START Material for this exercise

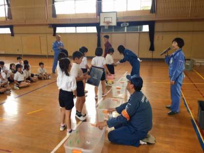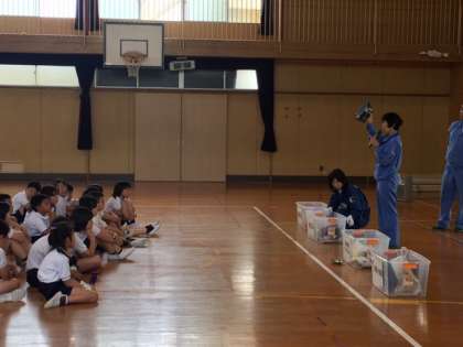 その後は、体育館でごみの分別ゲームなどを行いました。
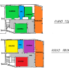 Piano terra: portico d'ingresso, ampio salone open space, 2 camere, bagno.
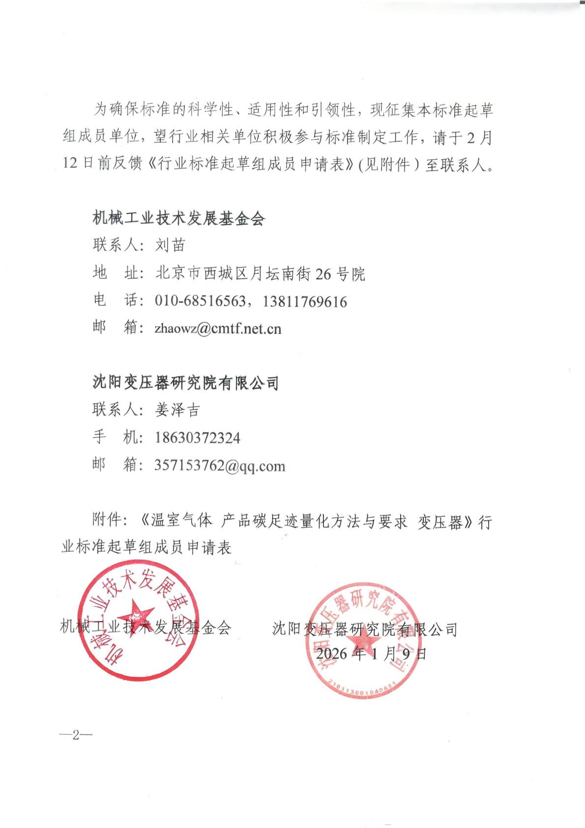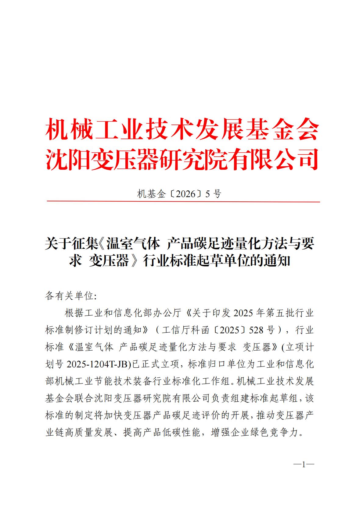 关于征集《温室气体 产品碳足迹量化方法与要求 变压器》行业标准起草单位的通知
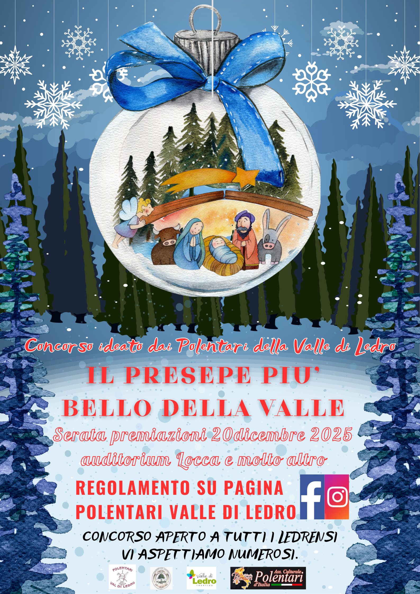 Sabato 20 dicembre 2025 alle ore 20.00 presso il Centro Culturale di Locca si svolgerà la premiazione del concorso "Il Presepe più bello della Valle" organizzato dal Gruppo Polentari Valle di Ledro.
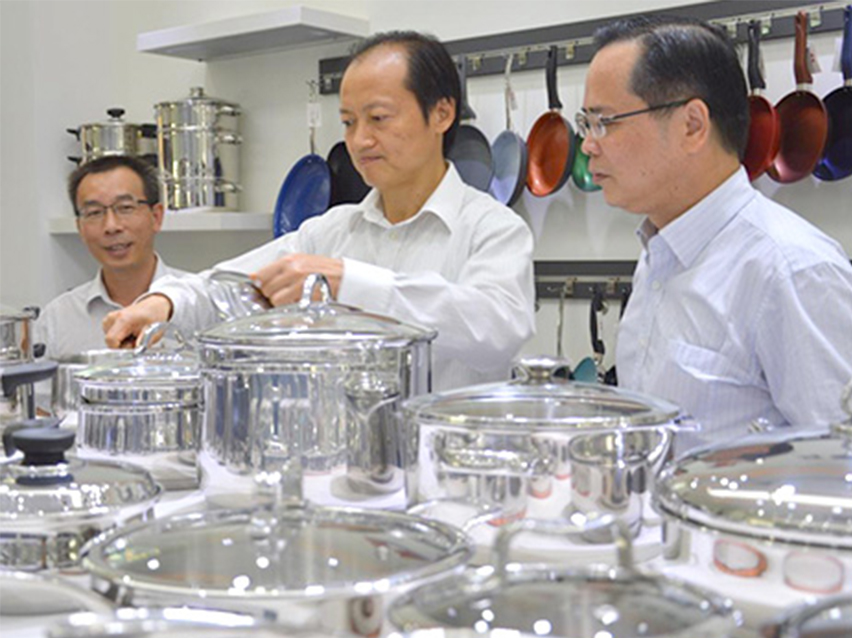 夏司長一行在劉副總裁的引領(lǐng)下參觀了集團總部四樓產(chǎn)品展示中心。劉副總裁給夏司長一行詳細介紹了萬事泰產(chǎn)品工藝制造及銷售情況。夏司長對萬事泰的產(chǎn)品表現(xiàn)出了濃厚的興趣。
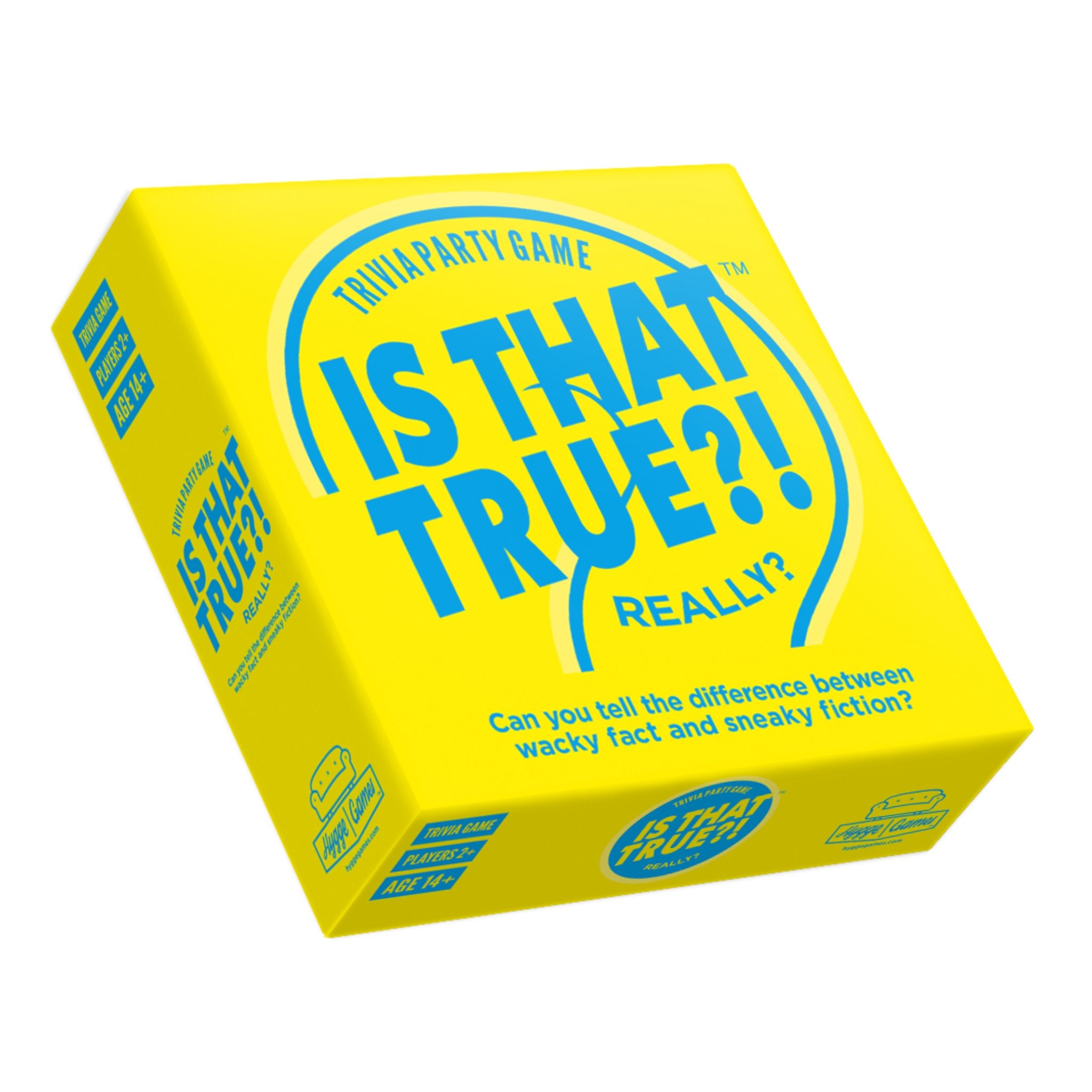 Giftnir karlmenn gefa betra þjórfé en ógiftir. Hvíta húsið er án heimilisfangs. Þvag tígrisdýrs ilmar eins og smjörpopp. Það hlýtur að vera lygi – eða hvað?! Þetta eru dæmi um spurningar í Is That True?! frá Hygge Games.
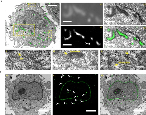 图:线粒体基质(a)和核纤层蛋白(b)的超分辨光电关联成像结果
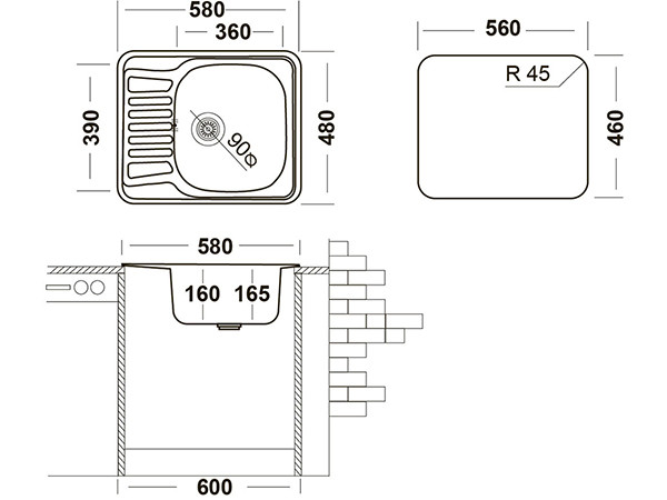 Мойка Ukinox Комфорт COM580.480 -GT6K 1R
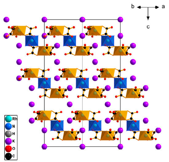 The pseudo-layers perpendicular to the c axis and formed by [Rh(C2O4)3]3− anions and potassium and [Rh(NH3)6]3+ cations (Figure 4) could be separated in the crystal structure. The cationic layers are divided into two types: the first layer is filled with K+ and [Rh(NH3)6]3+, and the second is filled only with K+. The distances between anionic layers are 5.02 and 4.73 Å. With sequential stacking, the layers are shifted towards each other by 1/3 of the vector [1 −1 −1].
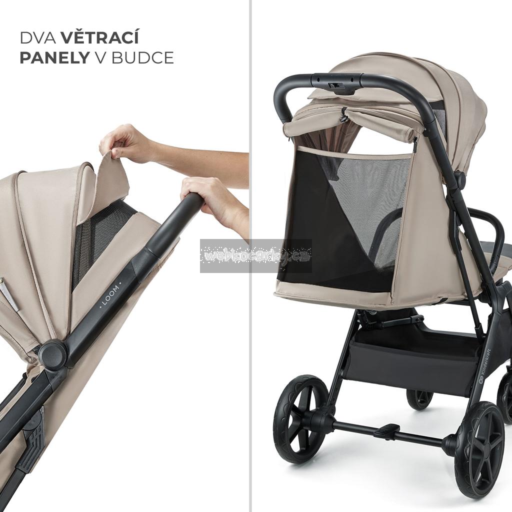 Kočárek LOOM má ventilační panel na zadní straně, který lze otevřít, když je opěradlo nastaveno dolehu. Kromě toho vhodnou ventilaci zajišťuje i okénko umístěné na stříšce.
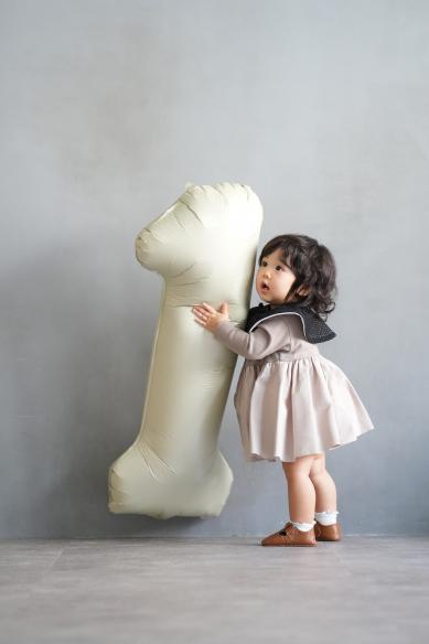 1歳のバースデー撮影の大きい風船と一緒に撮影♡
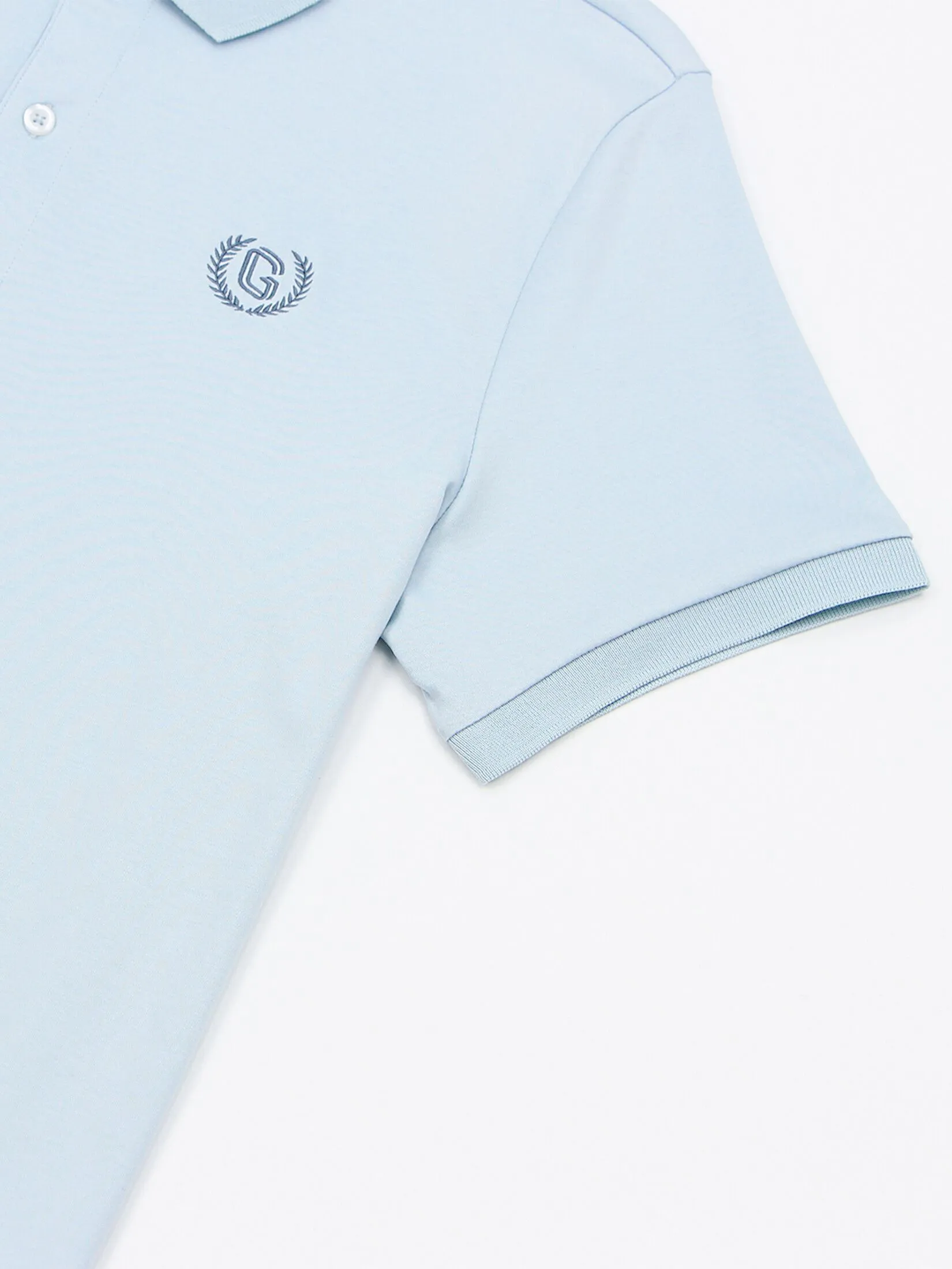GIORDANO Men's Interlock Embroidery Polo (Liquid Touch) Winter sky blue

END Material for this exercise

= The task =
From the opening line of the listing above through the line bearing "Sabato 20 dicembre", repeat each line exactly. Drop every picture.

= Answer =
 その後は、体育館でごみの分別ゲームなどを行いました。
 Piano terra: portico d'ingresso, ampio salone open space, 2 camere, bagno.
 关于征集《温室气体 产品碳足迹量化方法与要求 变压器》行业标准起草单位的通知
 Sabato 20 dicembre 2025 alle ore 20.00 presso il Centro Culturale di Locca si svolgerà la premiazione del concorso "Il Presepe più bello della Valle" organizzato dal Gruppo Polentari Valle di Ledro.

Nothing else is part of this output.